Make it clear to yourself that the bed is only used at night, for sleep.
Do this everyday, and be consistent about it.
After you have been consistent for one week, move on to the next step below.
Now that your bed has been made in the morning. The 1st step of your bedtime routine is to learn how to turn back the covers and prepare for sleep.
Some of the finer hotels I have been to have a “turn down service”. Each evening the service staff enter the room to turn down the bed.
They pull back the covers slightly, fluff the pillows, close the shades, and put a treat on the pillow.
You can do the same thing at home. Starting with your own turn down service. This will help you separate the day and the night.
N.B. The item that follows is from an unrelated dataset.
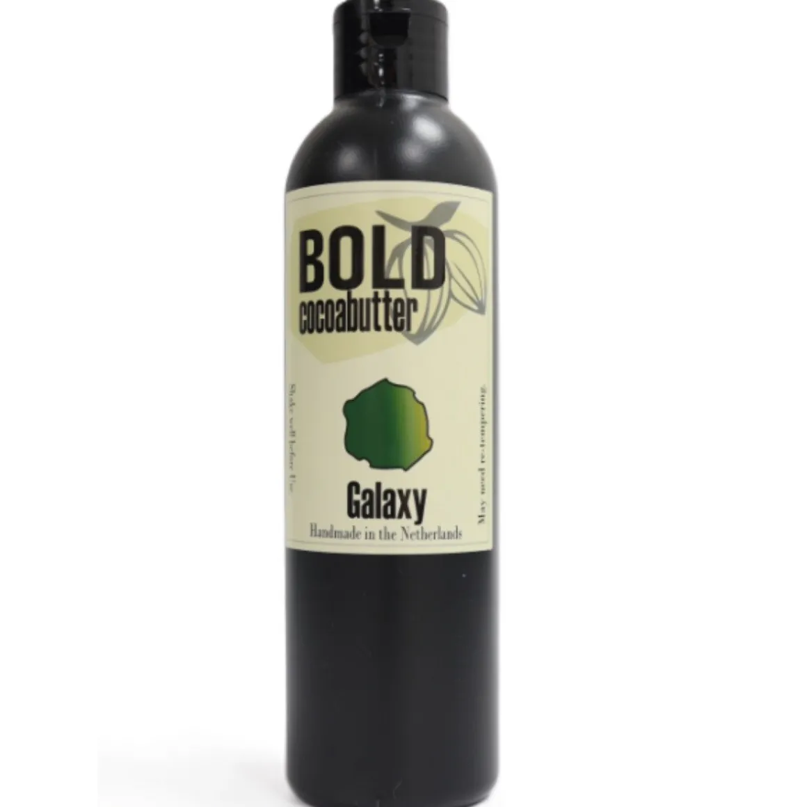 De Bold Cacaoboter Gekleurd Galaxy Glitter 230g heeft een mooie donkergroene kleur met gouden glitters erdoorheen. De gekleurde cacaoboter kan gebruikt worden voor het kleuren van verschillende soorten chocolade. De dekking is uitstekend, waardoor de kleur bij zowel witte als pure chocolade hetzelfde uitkomt. Het flesje bevat 230 gram gekleurde cacaoboter. Op Baktotaal.nl zijn meerdere kleuren gekleurde cacaoboter van het merk Bold verkrijgbaar.

1. It all starts with making your bed every morning
2. In the evening before bed, close the shades and curtains to darken your room
3. Pull back the sheets on each side to make a 30 degree fold at the corner of the bed
4. Fluff your pillow
5. Put a treat on your pillow which can be a non-food item such as a flower, a picture, an affirmation on decorative paper, or an ornament
6. Go and brush your teeth, wash your face, and change into your sleeping attire.
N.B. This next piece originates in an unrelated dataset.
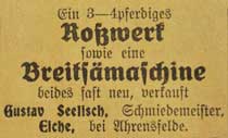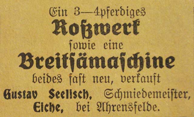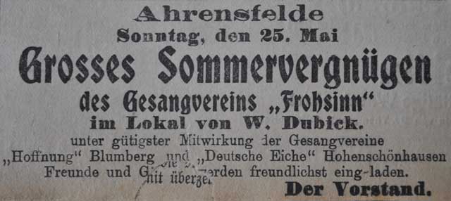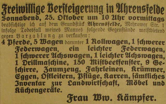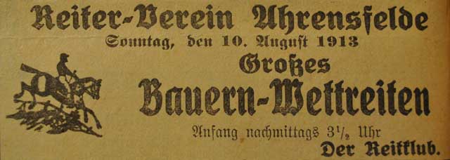 Die Einführung elektrischer Triebwagen ist für die Eisenbahnstrecke Eberswalde - Angermünde - Freienwalde und Wriezen beschlossen worden. ... Ahrensfelde. Pferde mit Wagen gestohlen wurde am Freitag dem hiesigen Gemüsezüchter Albert Kempfer in der Zeit zwischen 6-8 Uhr morgens vor der Ackerhalle in Berlin. Obgleich der Besitzer den Diebstahl sofort der Kriminalpolizei meldete, ist es noch nicht gelungen das Gespann ausfindig zu machen und den Dieb festzustellen. Im Laufe des Vormittags sollen die Pferde, ein Fuchs und ein Schwarzbrauner, beide kupiert, in Oberschöneweide gesehen worden sein. Es wird angenommen, daß die Pferde auf dem Lande verkauft worden sind. Der Besitzer hat demjenigen, welcher zur Wiedererlangung der Pferde wichtige Angaben machen kann, sodaß der Dieb festgestellt werden kann, eine Belohnung von 50 Mark zugesichert. Ahrensfelde. Wie wir aus sicherer Quelle erfahren, findet das diesjährige Bauernwettreiten bestimmt am Sonntag, den 10. August statt. Da der Verein zur Zeit über sehr gutes Pferdematerial verfügt, so dürfte das diesjährige Rennen ein sehr interessantes werden. |

7. When you return give thanks for the “hotel style turn down”, for the day you had, and for the refreshing sleep you are about to enjoy
8. Climb into bed and let yourself drift off
Start by being consistent with making your bed in the morning, and your turn down service at night. Once you get the hang of it, add something new to your bedtime routine such as relaxing music, or peaceful nature sounds set to a timer. This will help you fall asleep easier.
Sleep deprivation is responsible for mood changes, errors, lack of focus and reduced memory. Start to reverse all of these problems by fixing the source.
Practice your bedtime routine each day to start reinforcing the importance of good sleep.
The better you sleep, the better you will feel and the happier you will be.
I like to lay on my bed when I read, or do some work on the computer. It’s a warm and comfortable place. But what happens is all those memories I create when I work there get associated to the bed.
When I started to make my bed each day and only use the bed for sleep. I was able to keep a better separation between my daily work activities, and my sleep.
This helps me sleep deeper, with far less “early morning wake-ups” dreaming about things I can't change.